Prep Time 5 minutes mins
Cook Time 10 minutes mins
Course Plato principal
Cuisine American
Servings 2 servings
Calories 280 kcal
- 2 boneless skinless chicken breasts, pounded to ¾-inch thickness
- Kosher salt and freshly ground black pepper to taste
- 3 tbsp mayonnaise homemade or store-bought
- 1 tbsp mustard
- 3 tbsp fresh tarragon chopped
Preheat the broiler to high.
Season both sides of the chicken breasts with kosher salt and pepper.
In a small bowl, mix together the mayonnaise, mustard, and chopped tarragon.
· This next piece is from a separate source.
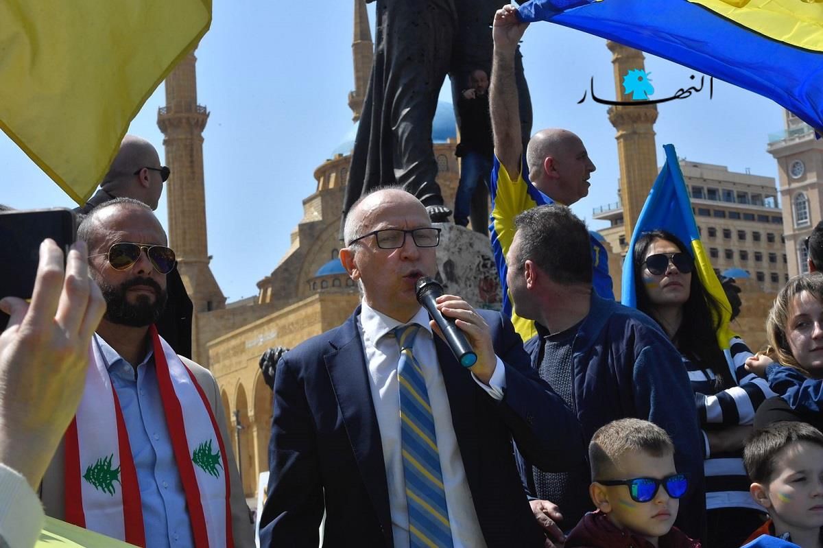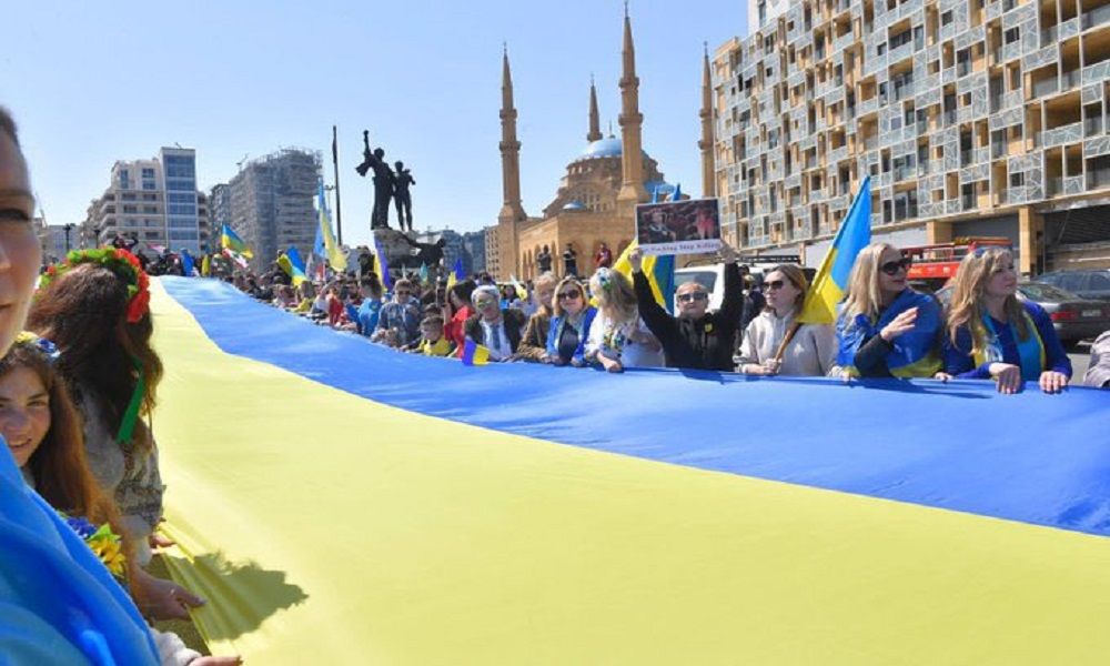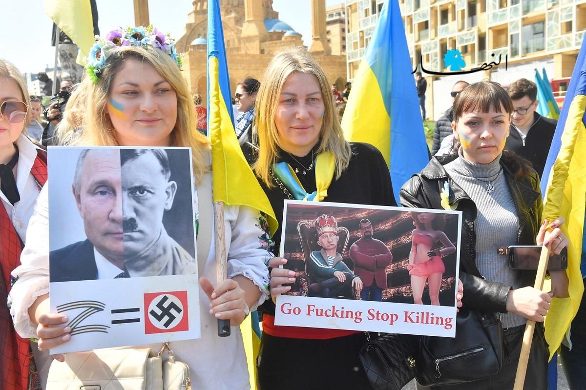 تظاهر العشرات من الجالية الأوكرانية في لبنان أمام تمثال الشهداء في بيروت، تنديداً بالغزو الروسيّ لبلادهم.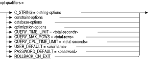 SQLプリコンパイラのコマンドラインで許可されるオプションの修飾子を示します。SQLOPTIONS= (QUERY_CPU_TIME_LIMIT=total-seconds)

Grease a broiler pan with olive oil and place the chicken breasts on the pan.
Spread half of the mayo-mustard mixture over the top of the chicken.
Broil for 3 minutes, then remove the pan and flip the chicken.
Spread the remaining mixture over the other side.
Return to the broiler and cook for 5-6 more minutes, or until the chicken reaches an internal temperature of 165°F.
Remove from the oven, let rest for a few minutes, and serve hot.
- Tarragon Tip: Fresh tarragon is best, but if using dried, reduce to 1 tablespoon.
- Serving Suggestions: Pair with roasted vegetables, a fresh salad, or over rice for a complete meal.
- Make-Ahead: The mayo-mustard mixture can be prepared up to 2 days in advance and stored in the fridge.